Above them, a floorboard creaked. Victor's weight, shifting.

Ethan's arms loosened slowly, his callused hands sliding from her back to her shoulders, then falling away entirely. The cold air rushed into the space where his body had been, and Claire's arms closed around herself again, hugging tight. She didn't look up at him.

He took one step back. Then another. His boots made a soft sound on the damp carpet. The floor above had gone silent—no more creaking, no shift of weight. Just the rain against the glass and the wind pushing under the door.

Ethan turned toward the door. It was closed—he didn't remember closing it. The wood was old, painted a grey that matched the light outside. His hand reached for the handle, fingers brushing the cool brass.

He pulled it open an inch. The hallway beyond was empty, dim, the rain casting shadows through the window at the far end. No footsteps. No voice. Just the house breathing around them, old and patient.

He held the door there, listening. The silence from above felt deliberate, like a held breath. Victor knew they were in here. He had to know. The floor had creaked exactly once, then nothing—like he'd stopped walking to wait.

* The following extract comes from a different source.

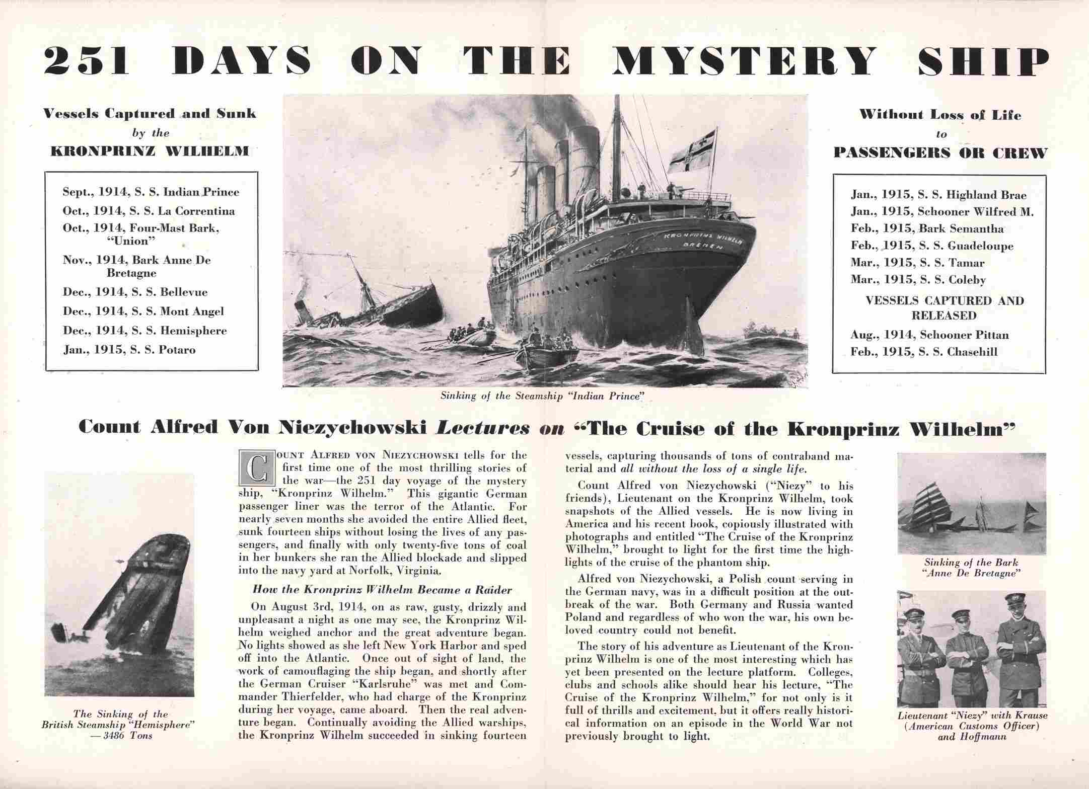 Flyer promoting lectures by Alfred Niezychowski, World War I officer aboard the SS Kronprinz Wilhelm

Ethan let the door fall closed again. The click of the latch was too loud in the quiet. Behind him, Claire hadn't moved. He could feel her watching him now, her grey eyes tracking his back like she was trying to read what he'd heard.

"He knows," she said, and her voice was flat again, the vulnerability from moments ago buried under something harder. "He always knows."

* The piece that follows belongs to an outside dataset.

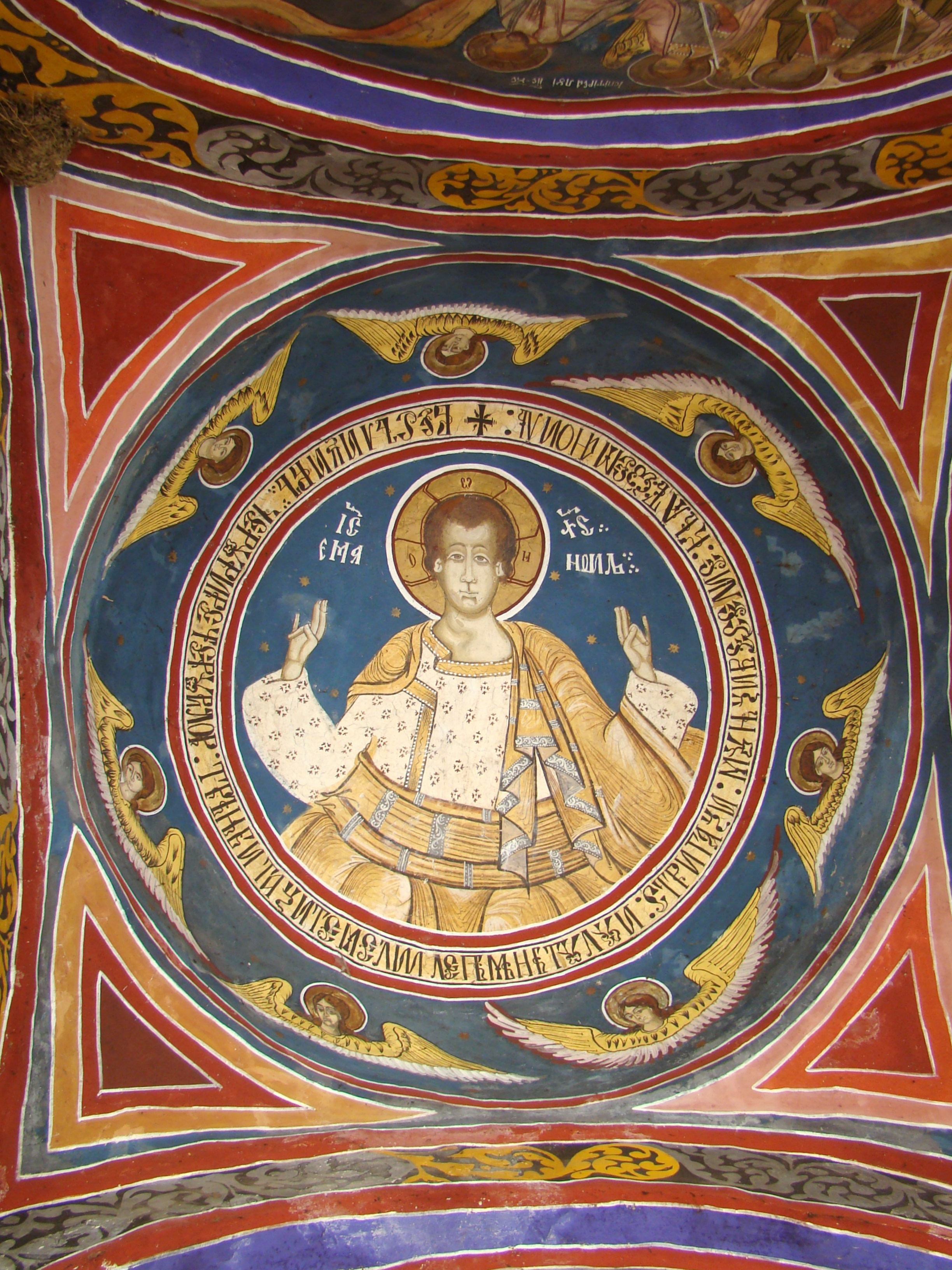 Archangels' church in Olănești, Vâlcea county, Romania

Ethan turned. She was still standing in the center of the room, her arms wrapped tight, her pinned hair looser now, a strand falling across her cheek. She looked smaller than she had when they'd walked in.

"Then let him know," Ethan said, and the words came out rougher than he'd meant. He didn't step toward her. He stayed by the door, his hand still on the handle, feeling the cold brass against his palm.

Her breath caught. Just once. A small, sharp sound that she tried to swallow. She didn't look away from him, and in the grey light of the office, her eyes were the only warm thing in the room.